In addition, each research tool was psychometrically validated for internal consistency and reliability, using exploratory factor analysis and Cronbach’s α test, respectively. The results revealed psychometrically sound statistics for each research tool. Specifically, the mental health scale reported a single factor, and the appropriateness of the sample and correlation matrix demonstrated a Kaiser-Meyer-Olkin (KMO) value of 0.836. The results of the spherical assay (χ2 = 51322.296, df = 15, p < 0.001), were also statistically significant, and the confirmatory factor analysis was adequate (RMSEA = 0.085, CFI = 0.987, TLI = 0.966, SRMR = 0.022). The Cronbach’s α was 0.867, verifying the scale’s validity and reliability.

The self-concept scale comprised two factors—social and physical self-concept—with a KMO value of 0.878. The results of the spherical assay (χ2 = 111142.964, df = 45, p < 0.001), were also significant. In addition, the standardized estimated values for the social self-concept (0.780–0.881) and physical self-concept (0.627–0.867) factors were high. Moreover, eigenvalues also demonstrated an index of 1 or higher (social self-concept: 3.760, physical self-concept: 3.434). The cumulative diversification rate was 71.940, and the confirmatory factor analysis was adequate (RMSEA = 0.067, CFI = 0.979, TLI = 0.970, SRMR = 0.042). The Cronbach’s α was 0.918 and 0.874 for social and physical self-concept, respectively, and the scale’s validity and reliability were verified.
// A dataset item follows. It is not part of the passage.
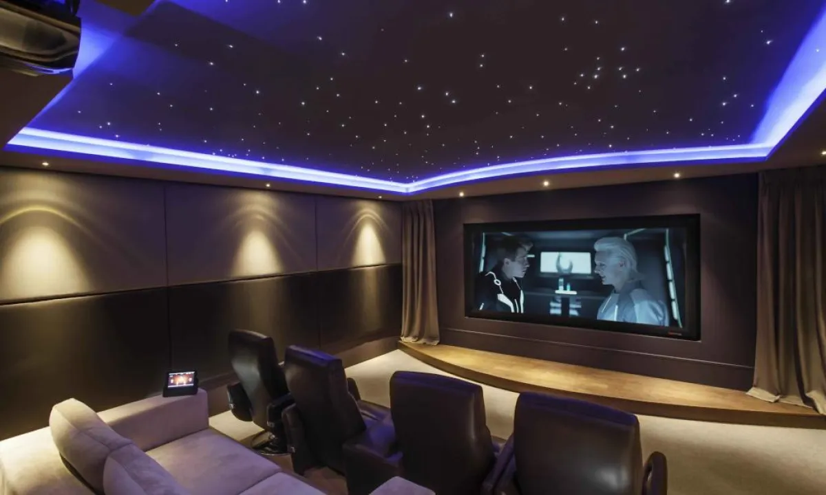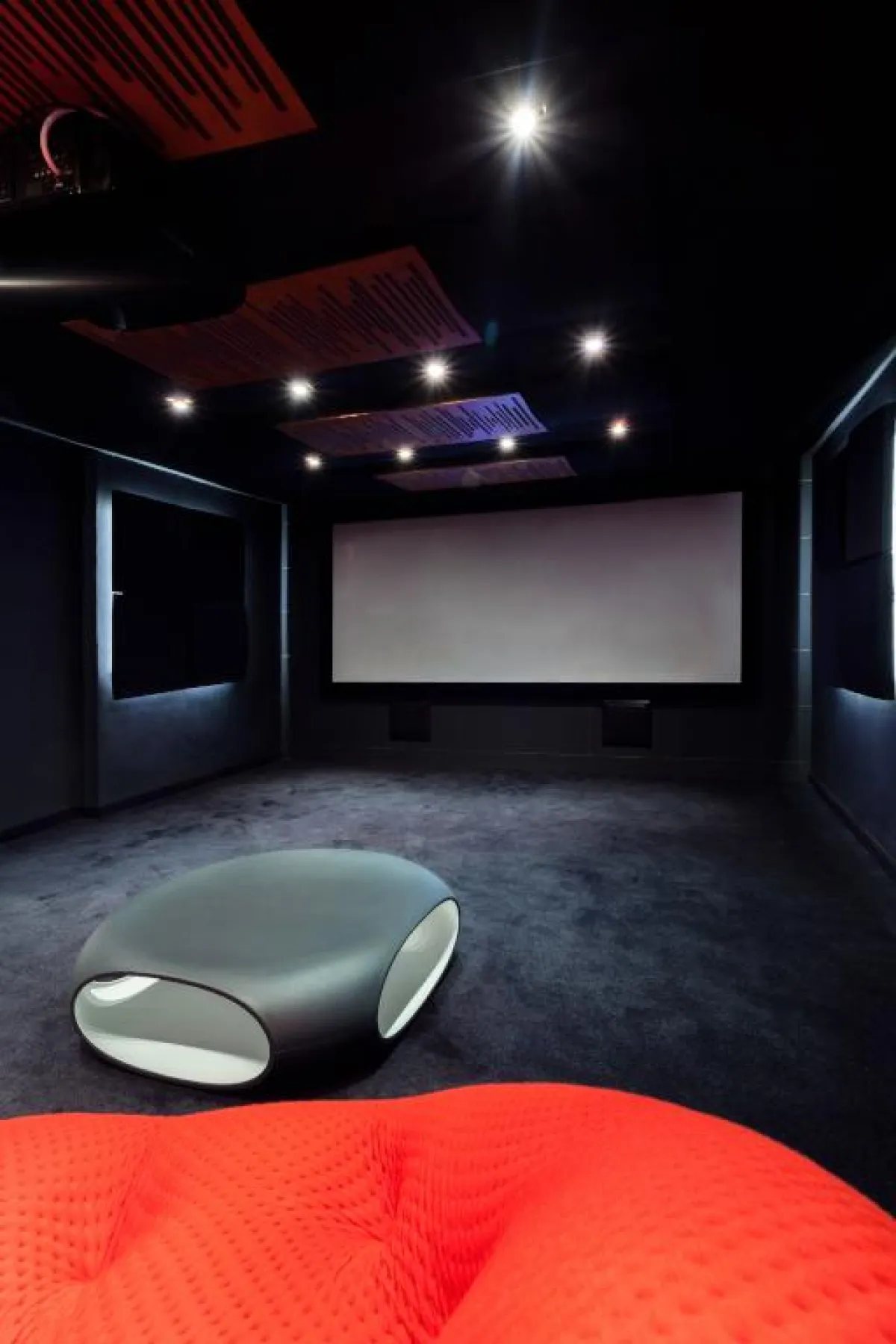 3. إذا خُصِّصت غرفة مستقلَّة للسينما المنزليَّة، فقد تحاكي هذه الأخيرة صالة السينما في الـ"مول"، عند الحرص على اختيار مجموعة من المقاعد المفردة المريحة لها، وغالبًا من الجلد، وشاشة مسطَّحة ضخمة. وفي شأن الجدران، تنصح الزهراني بتوظيف اللون الأزرق في الطلاء، كما في الإضاءات المخفية، ليندمج أفراد العائلة بالفيلم بصورة تامَّة، لأنّ الأزرق يوحي بالراحة. ويجذب أيضًا، استخدام الوسائد والأغطية الزرق على المقاعد المريحة، ليشعر كلُّ من يدخل هذه الغرفة كأنَّه في صالة سينما حقيقية. ويحلو ترصيع السقف بالنجوم اللمَّاعة لإعداد جوٍّ سينمائي كلاسيكي.

The self-esteem scale reported a single factor, with a KMO value of 0.898 and a significant spherical assay result (χ2 = 74843.405, df = 21, p < 0.001), and the confirmatory factor analysis was adequate (RMSEA = 0.058, CFI = 0.991, TLI = 0.985, SRMR = 0.018). The Cronbach’s α represented an index of 0.758, thereby validating the scale. Lastly, the self-efficacy scale reported a single factor with a KMO value of 0.779, and a significant spherical assay result (χ2 = 50579.286, df = 6, p < 0.001), and the confirmatory factor analysis was adequate (RMSEA = 0.077, CFI = 0.944, TLI = 0.932, SRMR = 0.056). The Cronbach’s α represented an index of 0.908, and the scale’s validity and reliability were verified.

2.3 Data Analysis

This study statistically analyzed data using SPSS and AMOS software (version 21.0, IBM Corp., Armonk, NY, USA). First, participants’ general characteristics were investigated by performing frequency analysis, and each questionnaire was verified for reliability and validity by performing exploratory factor analysis, confirmatory factor analysis, and Cronbach’s α test, respectively. Second, socio-demographic characteristics were presented using descriptive statistics of mean and standard deviation. Furthermore, a repeated-measures analysis of variance (ANOVA) was performed to analyze changes in mental health, self-concept, self-esteem, and self-efficacy owing to participants’ BMIs and one week of exercise time, owing to the increase in grade (measurement time), using the following design: measurement time (3) × BMI (4) × 1 week exercise time (5). Additionally, post-hoc tests were used to analyze the differences in measurement time between each population. Lastly, statistical significance was set at p < 0.05.

3. Results

A repeated-measures ANOVA was performed to investigate the changes in mental health, self-concept, self-esteem, self-efficacy, psychological health, and grade (measurement time) owing to BMI and weekly exercise duration among Korean middle school students. Table 2 presents the results of the analyses.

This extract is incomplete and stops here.